Con esta máquina de cuatro metros de altura, el artista ha logrado una importante síntesis de elementos y sencillez funcional. Este diseño tiene tras de sí tres décadas de investigación y estudio, por lo que no es una mera representación, sino el resultado de un perfeccionamiento de laboratorio, con la solidez de una amplia experimentación.

El centro es un cilindro de cuarzo finísimo, único en el mundo (45 cm. de diámetro y 180 cm. de altura) manufacturado ex profeso en Alemania por una empresa especializada. El instrumento está formado por largas y tensas cuerdas a semejanza de los instrumentos musicales. Todo tipo de vibraciones, empatías y energías del ambiente son susceptibles de ser capturadas por su sutil mecanismo que transforma la entropía invisible en orden armónico.

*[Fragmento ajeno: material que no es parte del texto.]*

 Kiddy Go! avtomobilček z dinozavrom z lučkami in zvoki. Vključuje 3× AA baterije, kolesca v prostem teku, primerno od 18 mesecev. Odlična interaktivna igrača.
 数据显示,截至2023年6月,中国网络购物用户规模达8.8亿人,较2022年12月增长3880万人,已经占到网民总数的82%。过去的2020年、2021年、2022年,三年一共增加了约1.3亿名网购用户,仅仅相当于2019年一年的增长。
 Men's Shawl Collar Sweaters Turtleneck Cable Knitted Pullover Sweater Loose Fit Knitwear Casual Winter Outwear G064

Por su naturaleza de descriptor sonoro, sin bocinas ni amplificadores, Cordiox tiene la capacidad de abarcar sonoramente toda la superficie interna de San Lorenzo. Debido al estado de conservación del inmueble, el público no podrá recorrerlo en su totalidad pero si experimentarlo de manera auditiva.

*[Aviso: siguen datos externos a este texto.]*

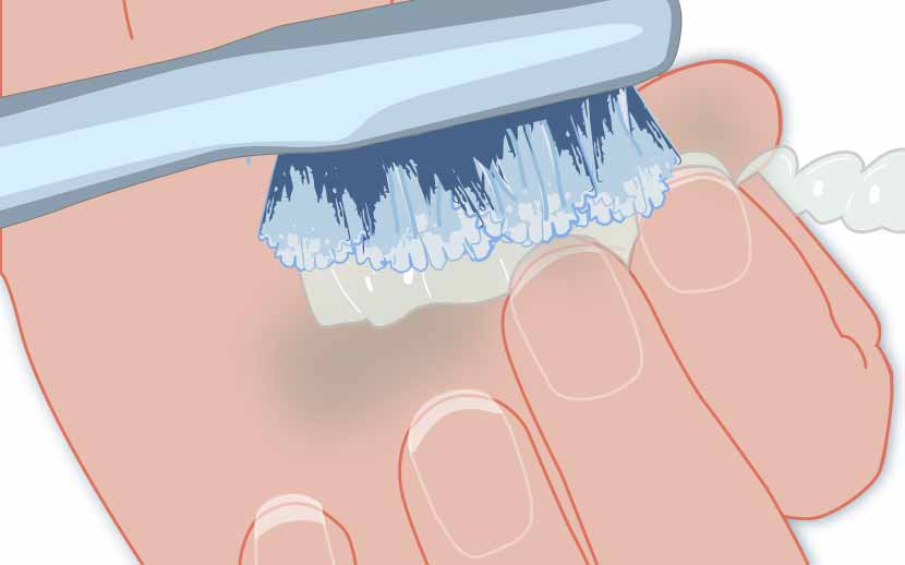 Nettoyer la gouttière avec une brosse à dents à poils souples. Ranger la dans son étui.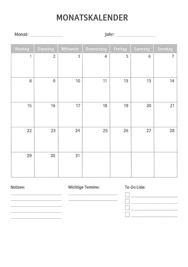 Du möchtest deinen Monat übersichtlich planen? Auf dieser Seite findest du praktische Monatskalender-Vorlagen zum Ausdrucken – ideal für Schule, Büro oder Zuhause. Alle Vorlagen sind kostenlos als JPG, PDF und Word verfügbar und lassen sich flexibel ausfüllen.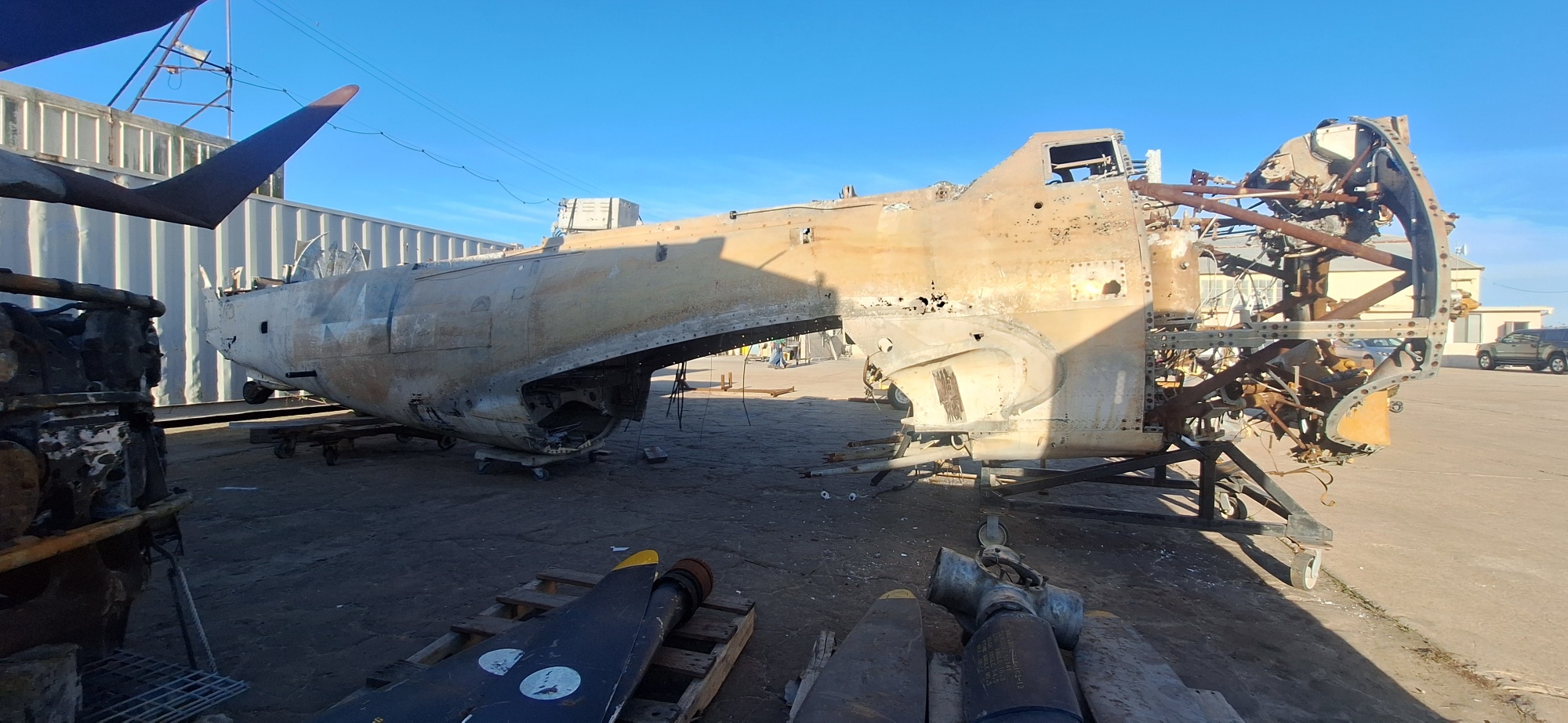 The end of 2024, however, would see a big turn of events for the two Helldivers, as it was decided, shortly after the National Naval Aviation Museum transferred a Vought F4U-4 Corsair to the USS Midway Museum (see our article HERE) that the NNAM would also transfer both of their Helldivers to the USS Midway Museum, where SB2C-4 BuNo 19866 will be restored with parts from A-25A 42-80449/SB2C-1A BuNo 76805 and be placed on display aboard the Midway while remaining on loan from the NNAM. Though BuNo 19866 will be displayed aboard the Midway, BuNo 76805 will still be subject to the NNAM’s discretion to either bring back to Pensacola or send to another museum affiliated with the NNAM. As of writing, the two Helldivers have been brought to Hangar 805, the Midway’s restoration hangar inside NAS North Island. Midway museum curator David Hanson commented about the arrival of the Helldivers, saying, “After the cross-country trip from Pensacola, the two airframes arrived in San Diego in late 2024, and were delivered to the Midway Museum’s aircraft restoration hangar across the bay at Naval Air Station North Island. There a small team of mostly volunteers will restore the pieces and eventually produce a display-worthy Curtiss SB2C for the Midway’s hangar deck. The process will no doubt take many years, but we look forward to hosting this rare aircraft onboard, especially as it was the first bomber to deploy on the Midway in the ship’s first year of service (1945).”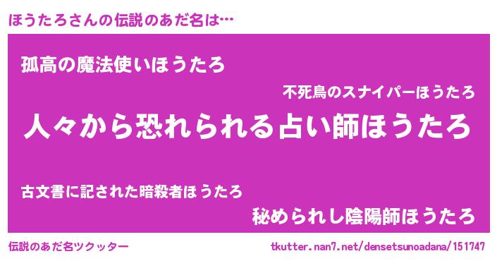 | 女子向けラノベタイトル風あだ名 | 『ほうたろなんてお断りですっ。』 |

Esta antigua iglesia tiene antecedentes sorprendentes desde el punto de vista musical. Entre otras cosas, se dice que a Antonio Vivaldi le gustaba ensayar ahí sus conciertos por su excelente acústica. En 1984, para la edición número 41 de la Bienale, este edificio fue la sede de un concierto de Luigi Nono, uno de los más importantes compositores de la vanguardia musical del siglo XX, quien presentó la ópera Prometeo.

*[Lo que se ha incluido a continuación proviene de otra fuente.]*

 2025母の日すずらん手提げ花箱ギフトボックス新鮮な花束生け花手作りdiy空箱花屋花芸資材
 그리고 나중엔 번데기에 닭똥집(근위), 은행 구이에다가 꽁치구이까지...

Este concierto fue la última realización de lo que Nono concibió como el teatro de la conciencia: “Un teatro invisible donde la producción de sonido y su proyección en el espacio son fundamentales para generar la dramaturgia”. Para ese concierto, el reconocido arquitecto Renzo Piano desarrolló una compleja intervención que más tarde fue desmontada de San Lorenzo y reinstalada en las sedes a donde se presentó Prometeo.

Para Nono, la música y el sonido predominaban por encima de las imágenes y la palabra escrita, abriendo nuevas dimensiones de sentido y posibilidades de escucha. El trabajo de Guzik no podría entenderse en el arte contemporáneo sin antecedentes como los de Nono, a quien siempre ha admirado.

San Lorenzo es un reto para Guzik, ya que la acústica, la armonía y la resonancia son elementos clave de sus exploraciones. Su trabajo en este espacio da continuidad a la larga tradición de este lugar al que se le ha llamado un laúd invertido por su acústica privilegiada.